Perspective has a tremendous influence on how we perceive the world around us. If you saw any three-dimensional chalk drawings on sidewalks this summer, you understand how perspective affects understanding. When seen from one direction, a chalk drawing looks flat. When seen from another, a winged dragon surges from a hole in the pavement.
Last week, major news sources had varied perspectives on inflation. Here are a few of the headlines we saw:
“Core Inflation Rises to 3.1 [percent]” (Barron’s)
“Inflation holds steady…” (CNN)
“Inflation cools slightly in July from prior month” (Fox Business)
Remarkably, all were correct. The news sources simply highlighted different aspects of the Consumer Price Index (CPI). Here’s what the CPI showed for June and July of this year.
Month to Month Basis | Year Over Year Basis | |||
---|---|---|---|---|
June 2025 |
July 2025 |
June 2025 |
July 2025 |
|
Headline Inflation (all items measured) |
0.3% | 0.2% | 2.7% | 2.7% |
Core Inflation (excludes food & energy) |
0.2% | 0.3% | 2.9% | 3.1% |
Headline inflation moved slightly lower, on a month-to-month basis (from June to July). It remained steady year over year, which is the 12-month period through July 2025. In contrast, core inflation, which excludes volatile food and energy prices, moved slightly higher on a month-to-month basis (from June to July). It increased year over year.
The Federal Reserve (Fed)’s target for inflation is 2 percent.
The Producer Price Index (PPI) came out last week, too. It tracks how prices have changed for groups that produce and sell goods and services. It was up 3.3 percent in July, year over year, which was higher than June’s 2.4 percent increase.
“U.S. wholesale inflation accelerated in July by the most in three years, suggesting companies are passing along higher import costs related to tariffs. The producer price index increased 0.9 [percent] from a month earlier, the largest advance since consumer inflation peaked in June 2022…,” reported Augusta Saraiva of Bloomberg.
Last week, major U.S. stock indexes continued to rally. U.S. Treasury yields were mixed. Yields for some shorter maturities of Treasuries moved lower, while yields on longer maturities rose.
Data as of 8/15/25 | 1-Week | Y-T-D | 1-Year | 3-Year | 5-Year | 10-Year |
---|---|---|---|---|---|---|
Standard & Poor's 500 Index | 0.9% | 9.7% | 16.4% | 14.5% | 13.8% | 11.9% |
Dow Jones Global ex-U.S. Index | 1.8 | 19.7 | 17.8 | 10.3 | 6.4 | 4.3 |
10-year Treasury Note (yield only) | 4.3 | N/A | 3.9 | 2.8 | 0.7 | 2.2 |
Gold (per ounce) | -1.7 | 27.8 | 36.3 | 23.4 | 11.1 | 11.5 |
Bloomberg Commodity Index | -0.4 | 1.6 | 4.4 | -6.1 | 6.9 | 1.1 |
S&P 500, Dow Jones Global ex-US, Gold, Bloomberg Commodity Index returns exclude reinvested dividends (gold does not pay a dividend) and the three-, five-, and 10-year returns are annualized; and the 10-year Treasury Note is simply the yield at the close of the day on each of the historical time periods.
Sources: Yahoo!

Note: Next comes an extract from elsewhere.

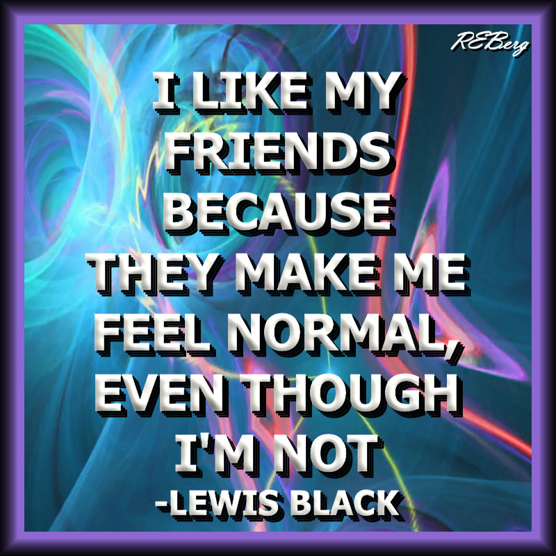 Abnormally Likable Image August 4, 2024 R.E. Berg humor, joke, meme, Mental Gymnastics, Quote Quotient, Random Observations because, feel, friends, Lewis Black, like, make, me, normal

Finance, MarketWatch, djindexes.com, London Bullion Market Association.
Past performance is no guarantee of future results. Indices are unmanaged and cannot be invested into directly. N/A means not applicable.

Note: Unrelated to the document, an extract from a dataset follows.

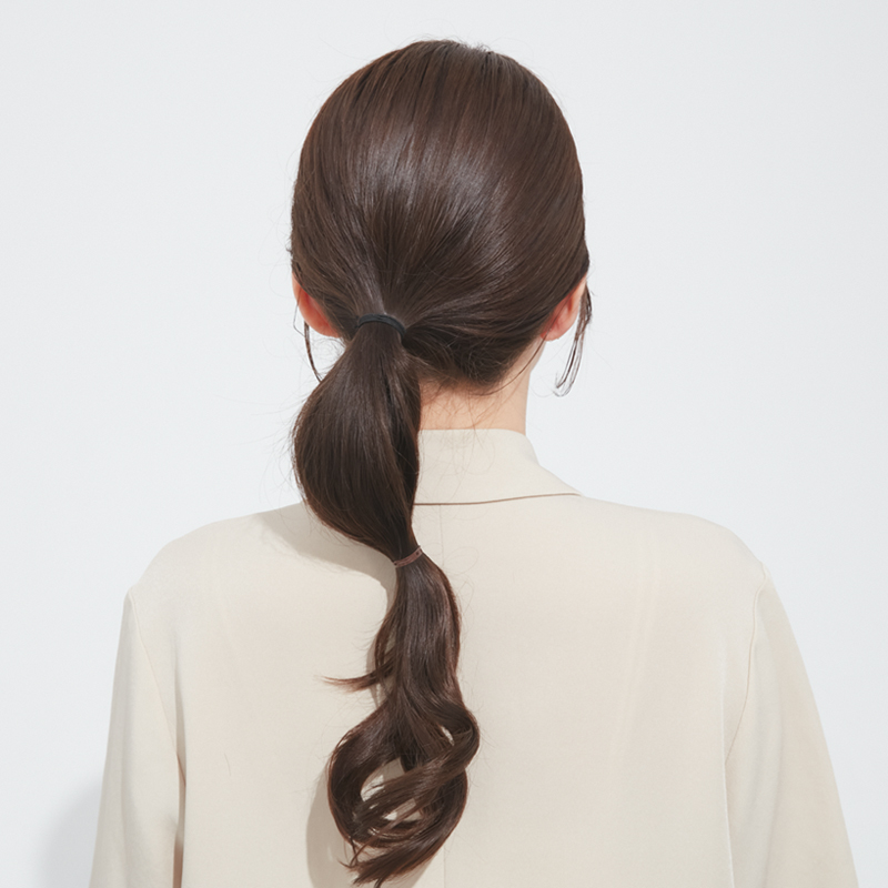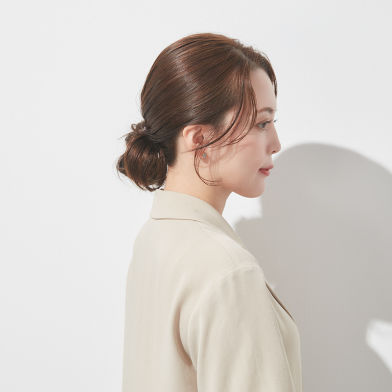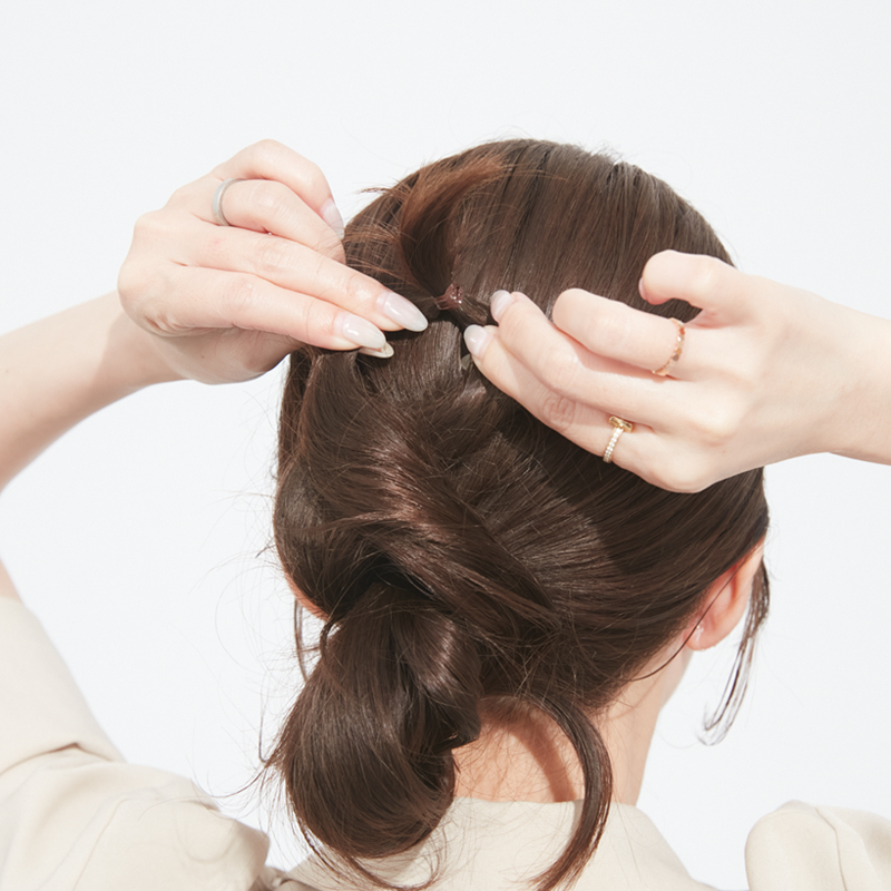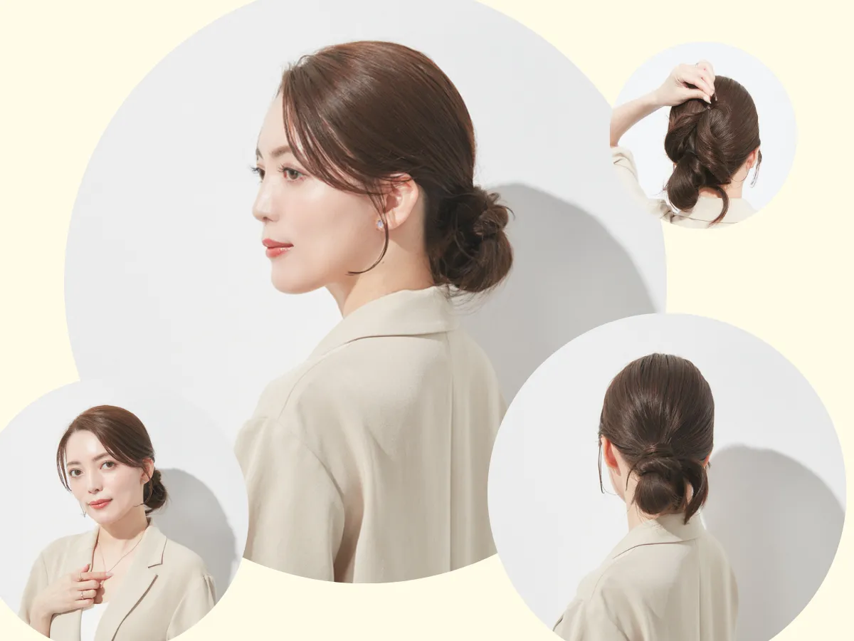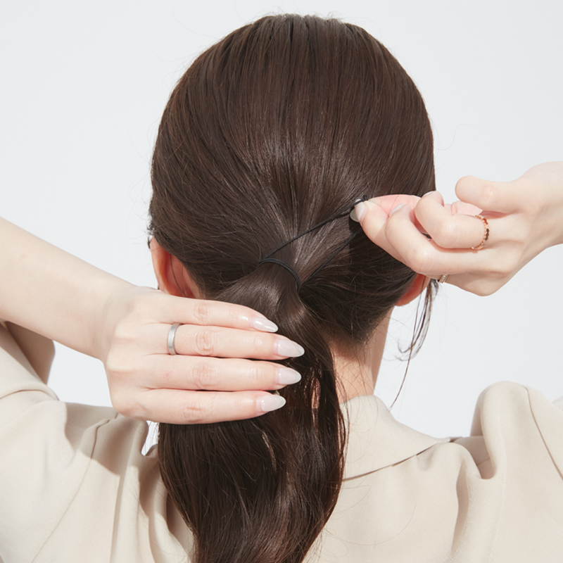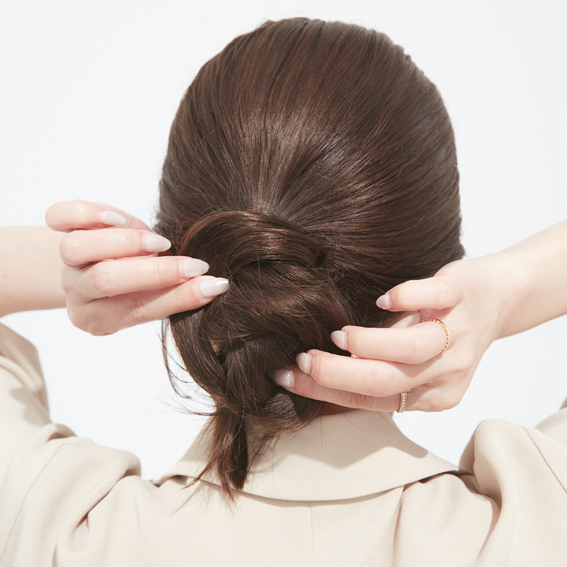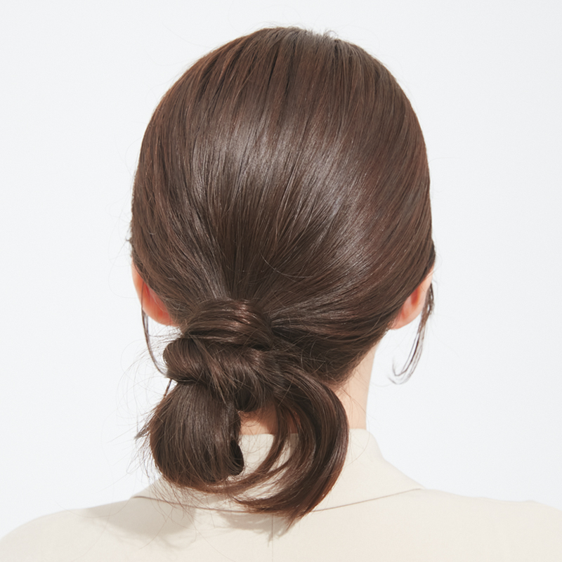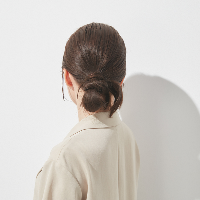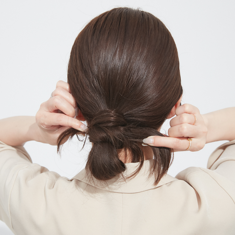 フォーマルから普段のお出かけまで活躍するシニヨン。きれいめに仕上げるポイントは、「低めの位置でまとめる」こと、そして「髪の表面を整えてきれいに見せる」こと。今回使うのは、ゴム3本だけ。低めの位置でひとつ結びにしたら、毛束の中間をゴムで結んで毛先を上に持っていきます。この工程だけでシニヨンができ上がるので、あとは持ち上げた毛束の穴にシニヨンを通すだけ。何本もピンを使って留めたりしなくてもまとまりやすいので、一度覚えてしまえば簡単。大切な日の朝、慌てることがありません。

Where Are Interest Rates Headed?
One of the drivers behind the recent stock market rally has been an expectation that the U.S. Federal Reserve (Fed) will respond to softening economic data by lowering the federal funds rate, reported Saeed Azhar, Johann M Cherian and Sanchayaita Roy of Reuters.
Fed rate cuts are intended to stimulate economic growth by making it less expensive to borrow money. When it’s cheaper to borrow, companies’ expenses may fall and profits can increase, lifting stock prices, reported Mary Hall of Investopedia.
After last week’s Consumer Price Index was released, expectations for a September Fed rate cut soared above 90 percent, according to CME FedWatch. “Inflation is still higher than the Federal Reserve would like — but not high enough to stop the central bank from cutting interest rates next month. That’s investors’ takeaway from yesterday’s consumer price index report,” reported Phil Serafino and Edward Bolingbroke of Bloomberg.
The catch is that a Fed rate cut doesn’t always have the intended effect. Sometimes, the Fed reduces or increases the federal funds rate and other interest rates don’t follow suit. Bloomberg Economics Chief Economist Tom Orlick explained:
“Let’s cast our minds back briefly to the early 2000s, to [former Fed Chair] Ben Bernanke and to the famous savings glut hypothesis. So, back then, the Fed was hiking [the federal funds rate] but long-term Treasury rates weren’t going up. Bernanke said it’s because there’s a glut of global savings. All of this money is coming from China and Saudi into the U.S. Treasury market… that situation is reversed and we’re no longer in a world with a savings glut. We’re in a world with a savings shortage. And that means it doesn’t matter who President Trump appoints as the next Fed chair… that savings shortage is going to mean that long-term rates, the 10-year Treasury yield stays high and… we think 4 to 5 percent for the 10-year Treasury is the new normal.”
The 10-year U.S. Treasury note yielded 4.27 percent at the start of last week. By week’s end it was at 4.33 percent.
Weekly Focus – Think About It
“I don't think there's too much normal out there anymore. Though there's still plenty of average to go around.”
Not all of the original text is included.